PROBLEM DESCRIPTION » Beginning with the line that includes "Les tapis SuperScrape" and ending with the last line, print the records exactly, leaving every picture out.

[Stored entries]
****

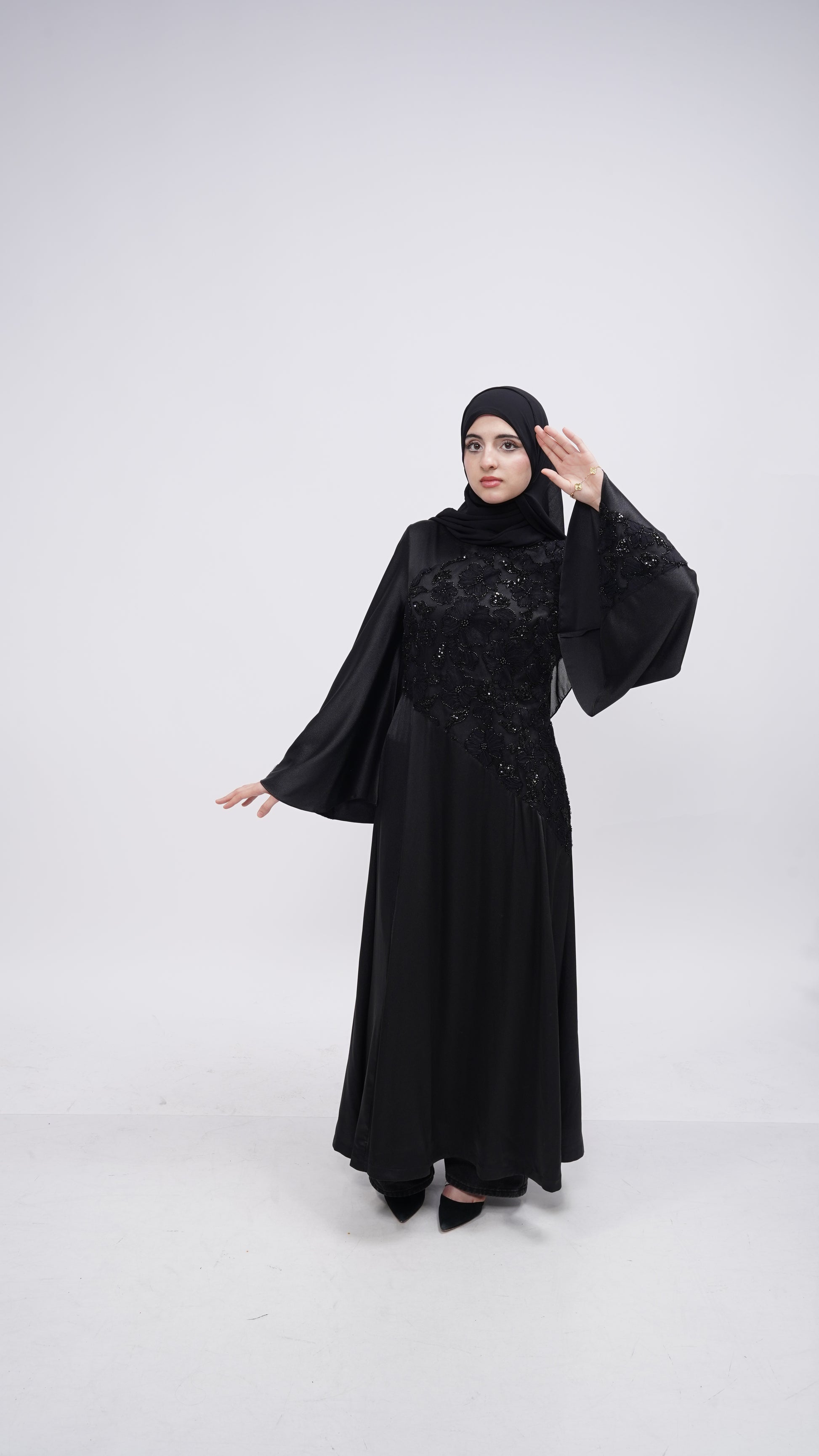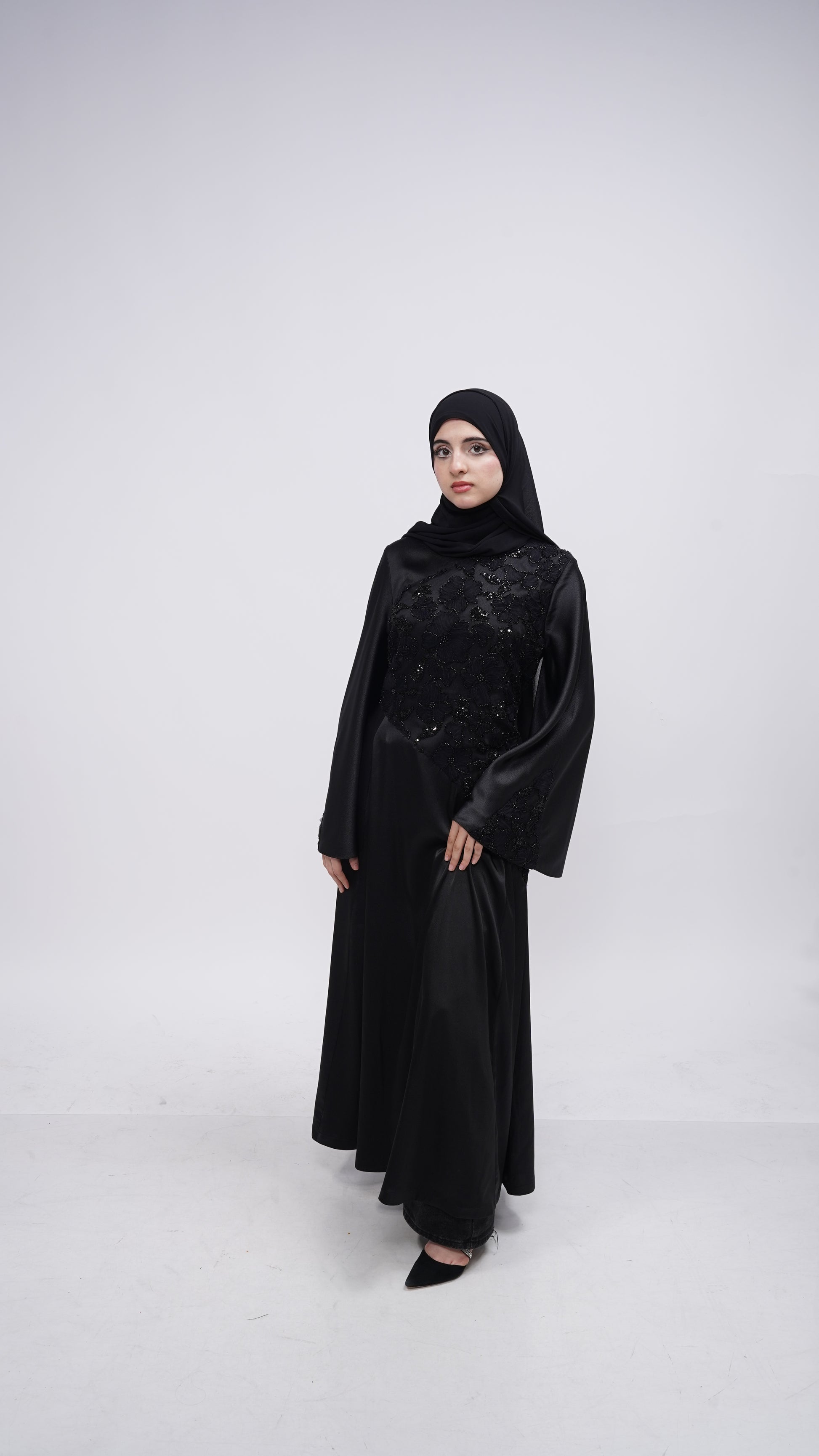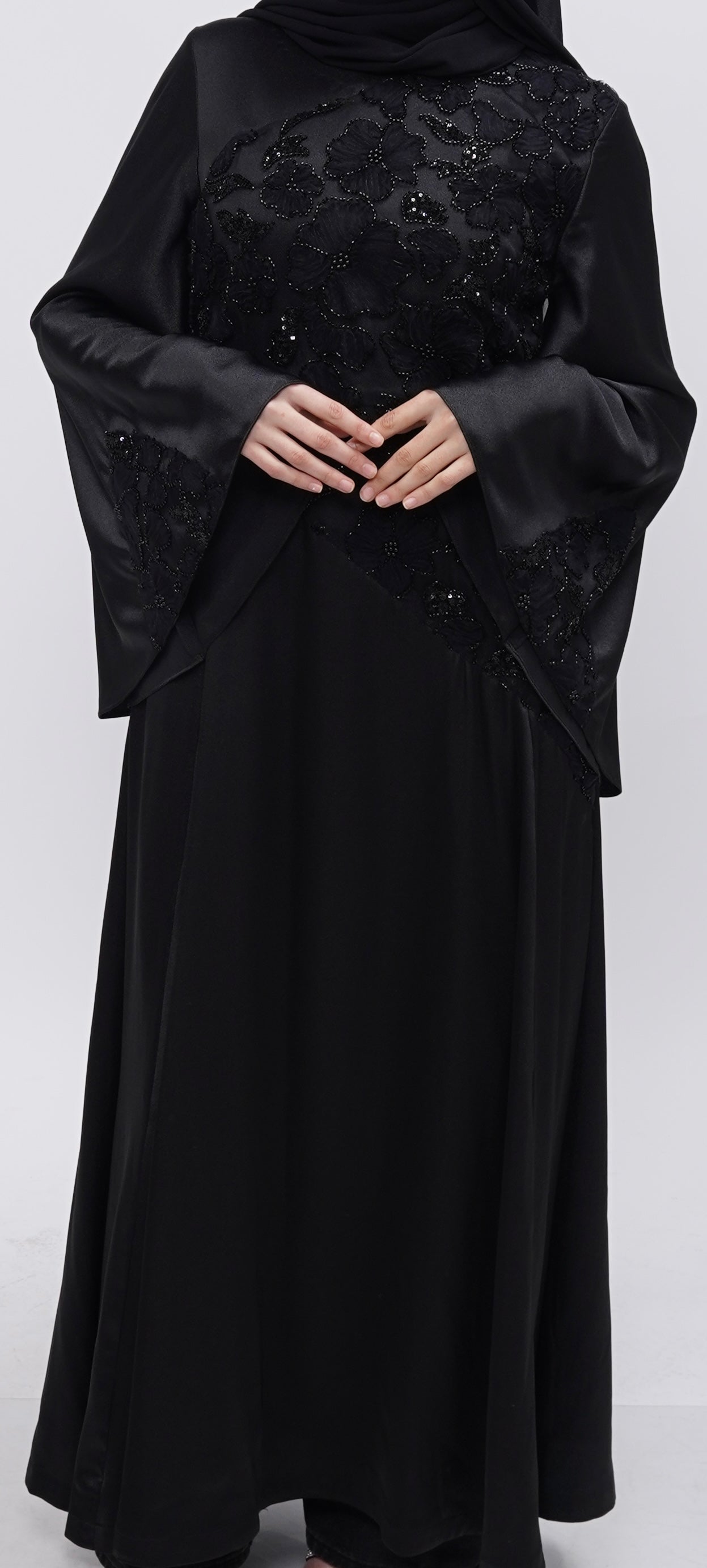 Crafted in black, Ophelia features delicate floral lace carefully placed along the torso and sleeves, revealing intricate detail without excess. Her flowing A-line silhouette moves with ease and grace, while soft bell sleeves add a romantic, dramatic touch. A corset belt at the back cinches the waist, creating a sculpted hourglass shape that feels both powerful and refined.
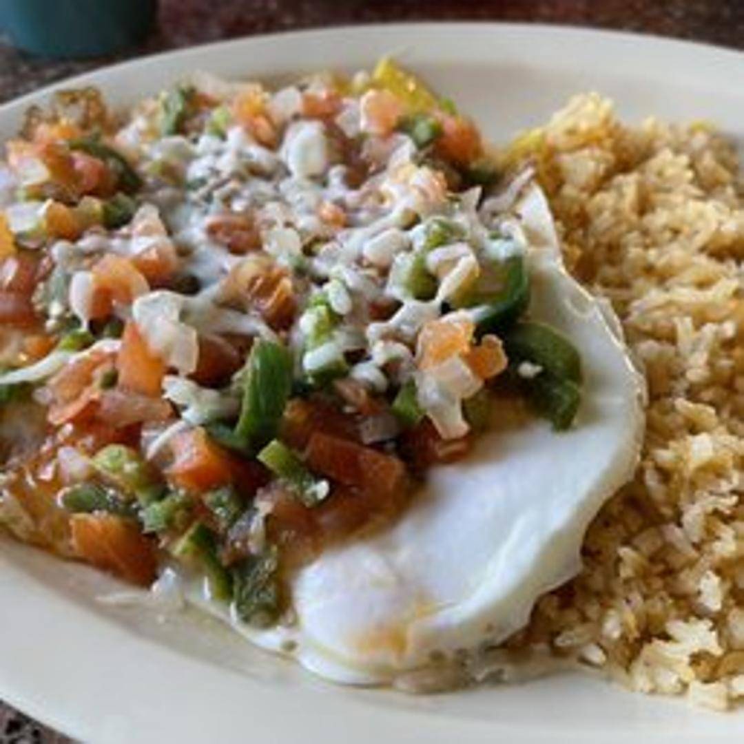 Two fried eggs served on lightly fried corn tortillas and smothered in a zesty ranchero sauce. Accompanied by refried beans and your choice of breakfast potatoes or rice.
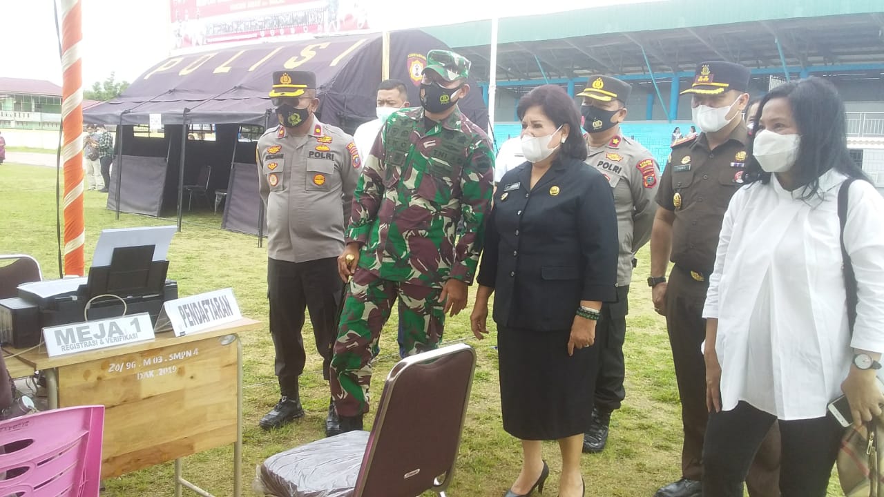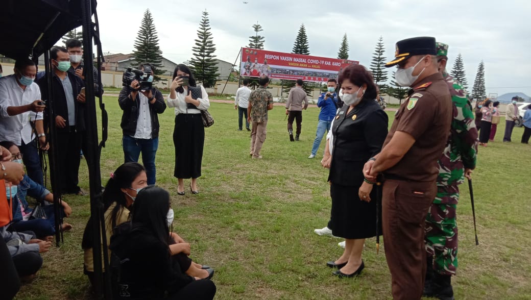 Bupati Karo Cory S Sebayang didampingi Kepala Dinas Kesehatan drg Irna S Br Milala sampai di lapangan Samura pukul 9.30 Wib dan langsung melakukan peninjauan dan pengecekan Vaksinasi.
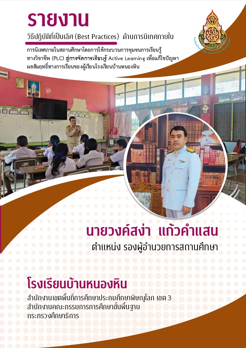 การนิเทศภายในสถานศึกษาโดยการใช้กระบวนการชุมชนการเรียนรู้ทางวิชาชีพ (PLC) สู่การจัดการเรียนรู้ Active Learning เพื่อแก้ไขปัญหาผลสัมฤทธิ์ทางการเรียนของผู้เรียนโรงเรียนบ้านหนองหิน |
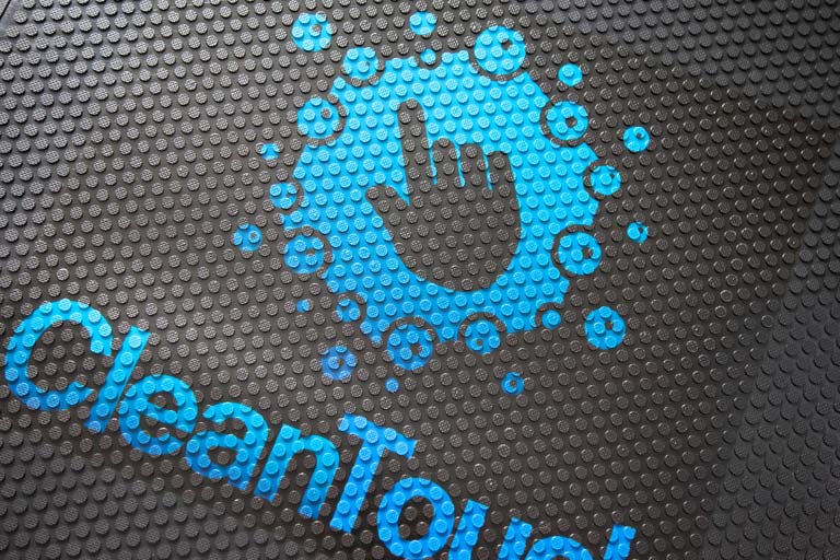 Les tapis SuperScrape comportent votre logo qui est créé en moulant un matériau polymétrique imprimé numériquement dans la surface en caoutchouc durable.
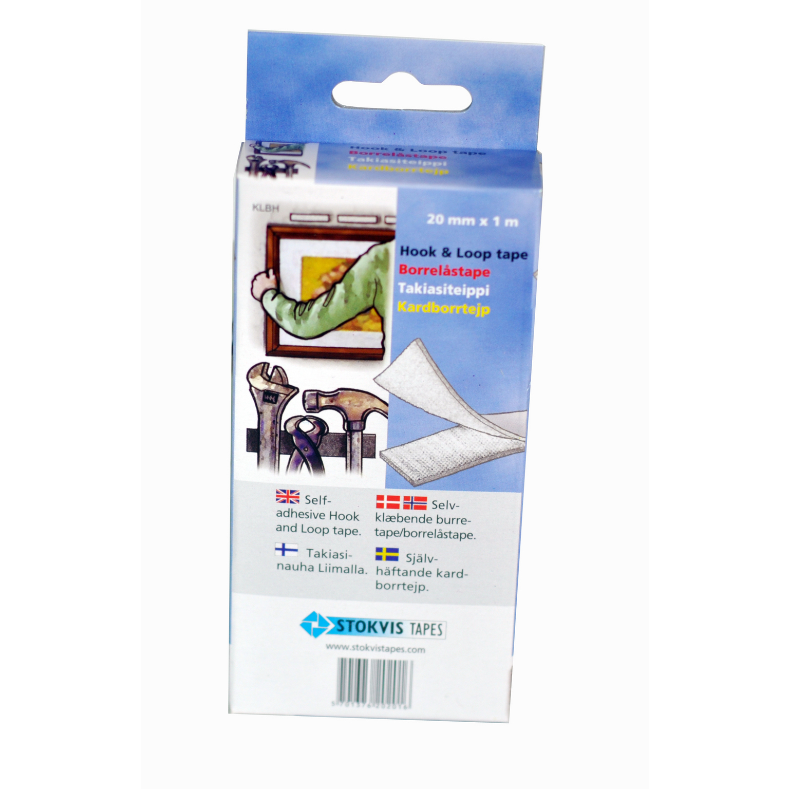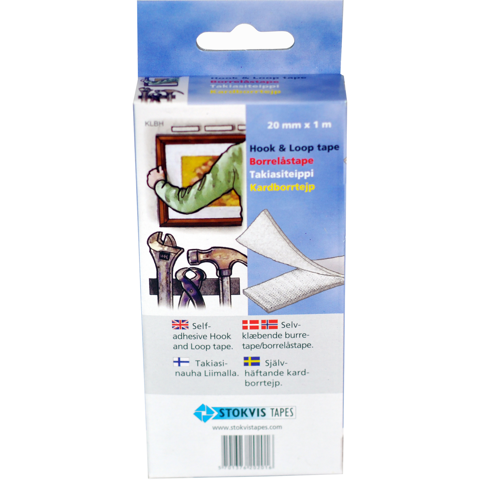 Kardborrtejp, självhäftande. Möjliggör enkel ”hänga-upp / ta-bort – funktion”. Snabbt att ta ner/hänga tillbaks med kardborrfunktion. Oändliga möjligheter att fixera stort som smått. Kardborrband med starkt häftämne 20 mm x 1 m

****

FINISHED EXERCISE »
 Les tapis SuperScrape comportent votre logo qui est créé en moulant un matériau polymétrique imprimé numériquement dans la surface en caoutchouc durable.
 Kardborrtejp, självhäftande. Möjliggör enkel ”hänga-upp / ta-bort – funktion”. Snabbt att ta ner/hänga tillbaks med kardborrfunktion. Oändliga möjligheter att fixera stort som smått. Kardborrband med starkt häftämne 20 mm x 1 m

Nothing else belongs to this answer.